1/2 Gray







The fire pit above and below have gray, gray reflective, Ice and red topper.

Cool Flames
On this page we will be posting some real cool fire flame pictures. Your more than welcome to send yours.
This fireplace has:
A black silicone base
1/2" gray
bronze
bronze reflective
1/2" bronze
But
you can't see that now. We will be posting daytime pictures so you can
see the actual glass. We will be posting the yellow flames as well. We
will tell you how to do this in the near future, really!
Comments and testimonial by the customer:
Ed
Here
are the other shots you requested. I tried many angles, lights, etc., yet could
not get an accurate picture of the natural light setting. The silicone carbide
is so reflective that it goes to light grey in all of the shots, and the smoke
glass looks pale green/blue where in reality it looks almost
black.
Another
description that may be even more appropriate of the daytime look is that of a
neatly piled burned out fire, except that all of the “ash” is reflective and
sparkly.
Can
not explain why in some of the shots the flame appears greenish. The blue
colored flames are not exactly right either. The real color is closer to
ultraviolet than anything else.
Several
of the shots, including 01, 29, and 50, have been taken from the same location.
You can tell the ones taken at full open valve by the increased amount of color
in the shots.
Additional
photos in separate mailings
Keary
I am very happy with my “new” gas fireplace. I thought I
would share with you the enclosed photos taken with an ordinary digital camera
with no ambient light except the fire itself. The camera was placed in various
locations around the fire on the hearth proper. Unfortunately the stills cannot
depict the fire action. What is amazing about the fire is the low spread out
blue flame pattern instead of the conventional tall yellow flames in the
middle.
The fireplace is open on three sides 30”x40”, The pit
was filled with coarse bagged lava rock form Home Depot approximately 1” deep to
the bottom of the U shaped burner gas pipe with the holes pointing down. It was
then topped with Moderustic fine lava rock to fill in the voids on the top
leaving the bottom of the burner only slightly submerged below the layer of the
finer lava rock from Moderustic..
The next layer was black sand followed by S-----
C-----. The sand was mounded in the center over the burners. A sprinkling of
grey glass over the SC and a topper of Bronze ˝” glass was sprinkled over the
smaller sized matrix to finish. The final product is very dark and reflective
with tiny reflections off of the s----- c------ and larger reflections off of
the gradated glass during the day and in ambient light. It looks a little like a
lava field that you might run across in the Mojave Desert near
Barstow. Not at all showy, yet very subtle to the view in daylight.

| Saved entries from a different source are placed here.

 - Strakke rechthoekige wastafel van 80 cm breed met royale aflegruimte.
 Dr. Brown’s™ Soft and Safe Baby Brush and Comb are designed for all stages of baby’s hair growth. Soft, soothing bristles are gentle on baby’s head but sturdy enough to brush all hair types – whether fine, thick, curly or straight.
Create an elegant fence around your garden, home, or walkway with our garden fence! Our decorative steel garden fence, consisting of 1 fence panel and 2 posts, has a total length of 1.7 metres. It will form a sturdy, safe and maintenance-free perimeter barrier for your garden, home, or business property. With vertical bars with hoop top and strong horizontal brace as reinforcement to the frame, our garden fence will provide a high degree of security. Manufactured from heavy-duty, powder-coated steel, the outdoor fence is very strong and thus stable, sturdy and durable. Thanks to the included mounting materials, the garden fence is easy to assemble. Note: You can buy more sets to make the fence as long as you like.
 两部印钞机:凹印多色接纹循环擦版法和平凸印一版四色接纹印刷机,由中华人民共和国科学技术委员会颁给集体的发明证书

The coarse lava rock on the bottom layer, with the finer
layer on top to keep the gas in longer, acts as manifold carrying gas to all
portion of the firebox floor covered with that material. I stopped the coarse
rock short of the metal posts in a semi circular shape in plan and backfilled
with sand so that the flame would not reach the posts. The visual result around
the posts is that the gas reaching the end of the coarse material immediately
goes upward creating a flowing arc of fire around the posts. This is seen as a
blur in the photos.
The underlying coarse rock distributes the gas pretty
evenly across the firebox floor creating a even matrix of small flames on the
surface as it works its way up through the media. The extreme perimeter appears
more active. There are more constant more steady flames from the mound. Because
there is less gas at the perimeter, the gas there burns in horizontal spurts and
appears like lightning bolts licking the edges of the firebox.

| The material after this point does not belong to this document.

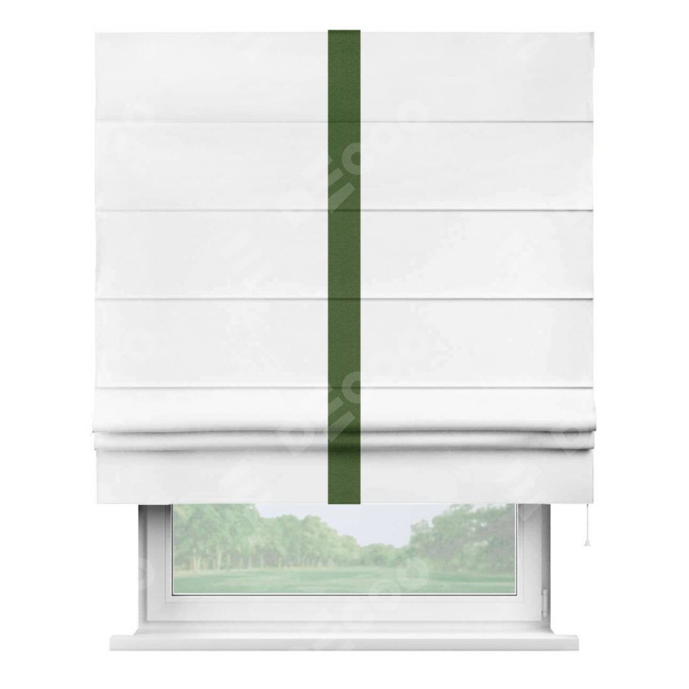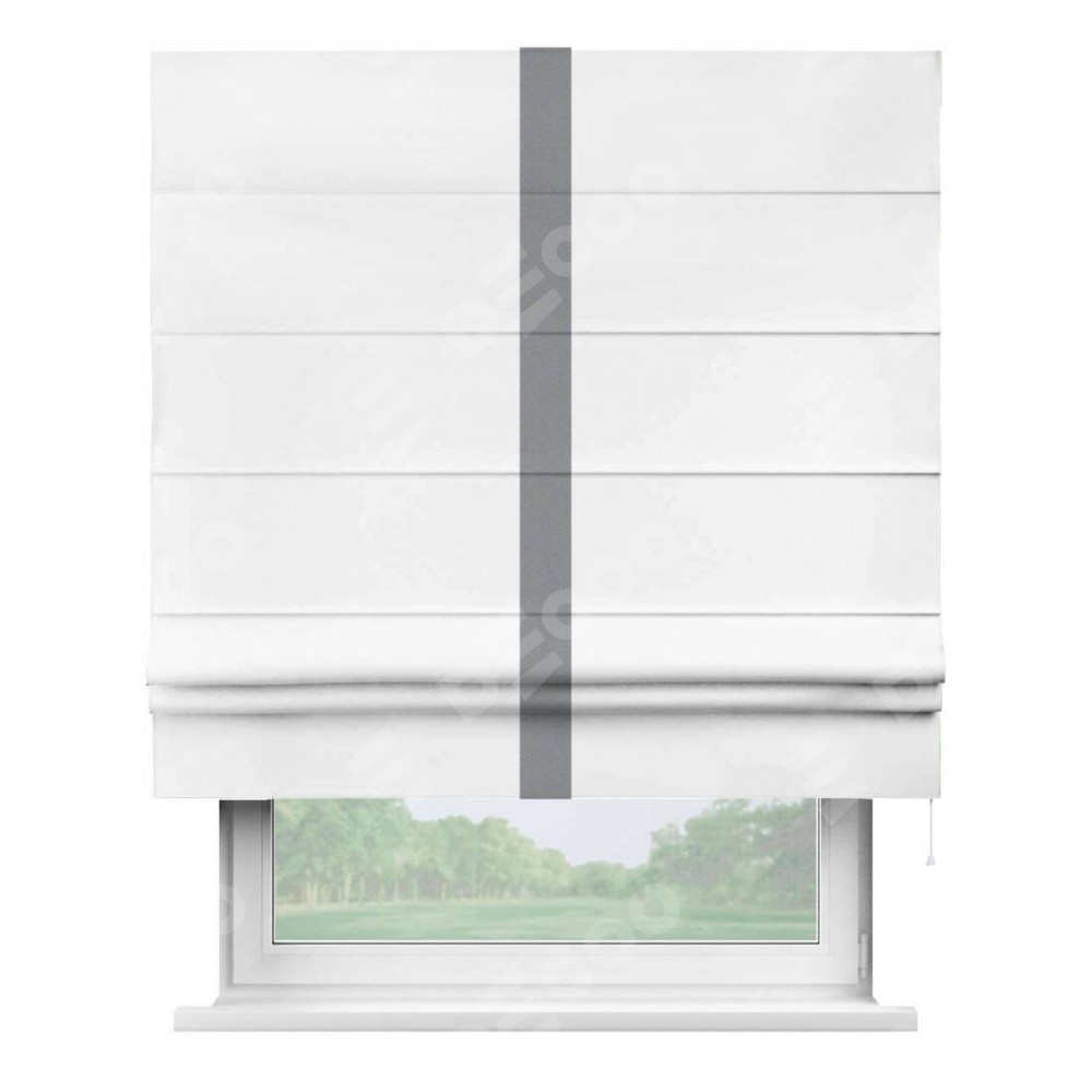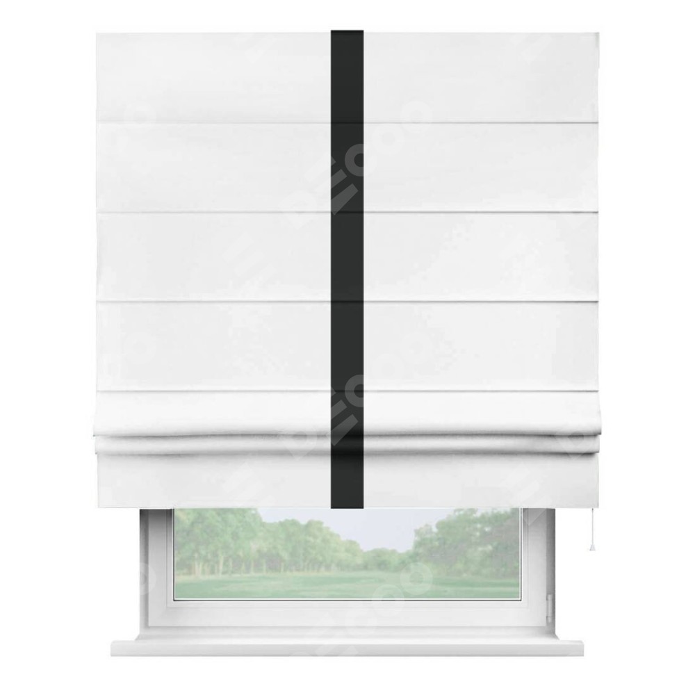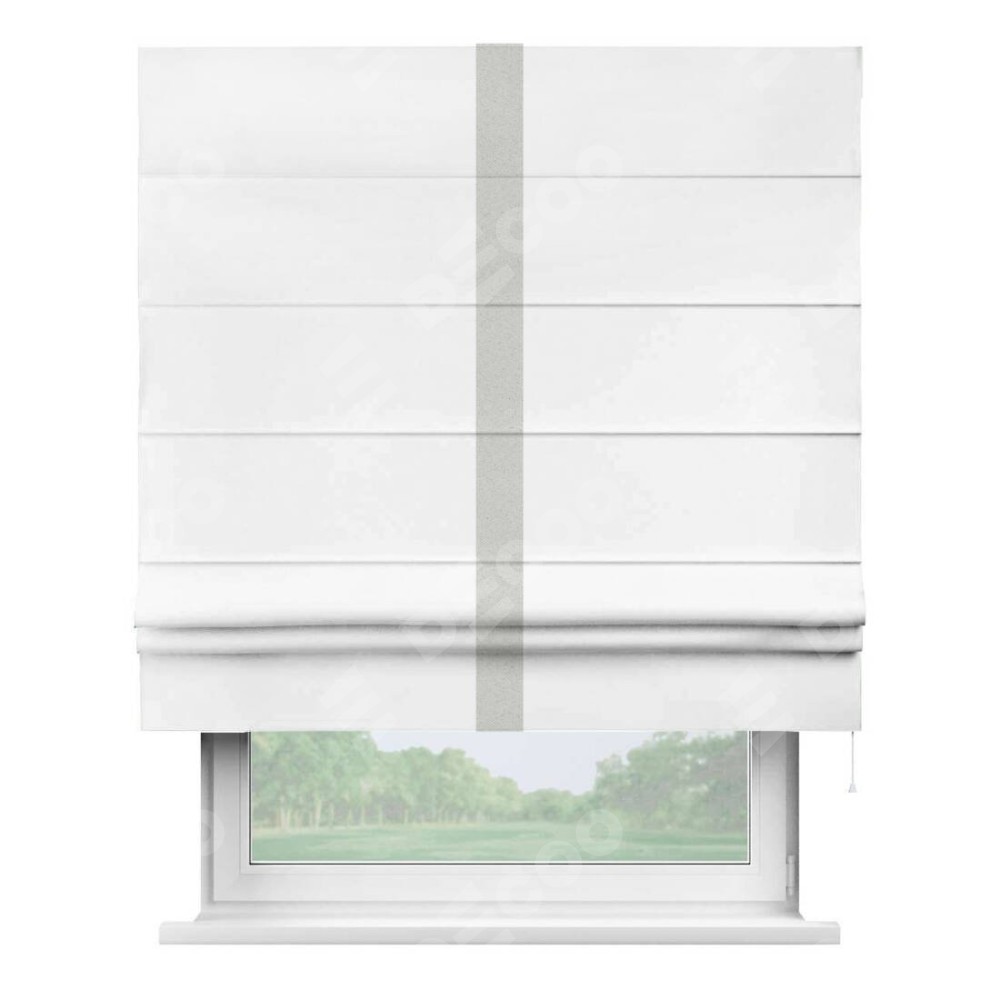 Римская штора «Кортин» для проёма, вайтаут однотонная белая с кантом Хайвэй

There are small vortexes of fire that form and
sometimes work there way around the base of the mound on the center but usually
preferring a particular area to hang out.
The overall effect is one of a dispersed flame. As if
the entire bed of the fireplace is afire with a low blue flame. With all the
lights out in the room it is quite magical. Not at all anything like a
conventional yellow flame in the center. Due to the dispersion of the flame
across the large firebox area, there is a lot of heat generated and dispersed
into the room instead of up the flue. This is not a design for summer time
nights.
Everyone who witnesses this flame is impressed with the
“light show” quality of the burn.
In the future I plan to change out the media and
experiment with different ways to direct the gas and resultant flame to achieve
different effects.
Next time I am thinking of laying a pattern of coarse
rock and infilling between the “arms” of coarse rock with sand so that the gas
will follow the “arms” and come up in more predictable places, perhaps creating
little vortexes or pyres at the ends of the “arms”.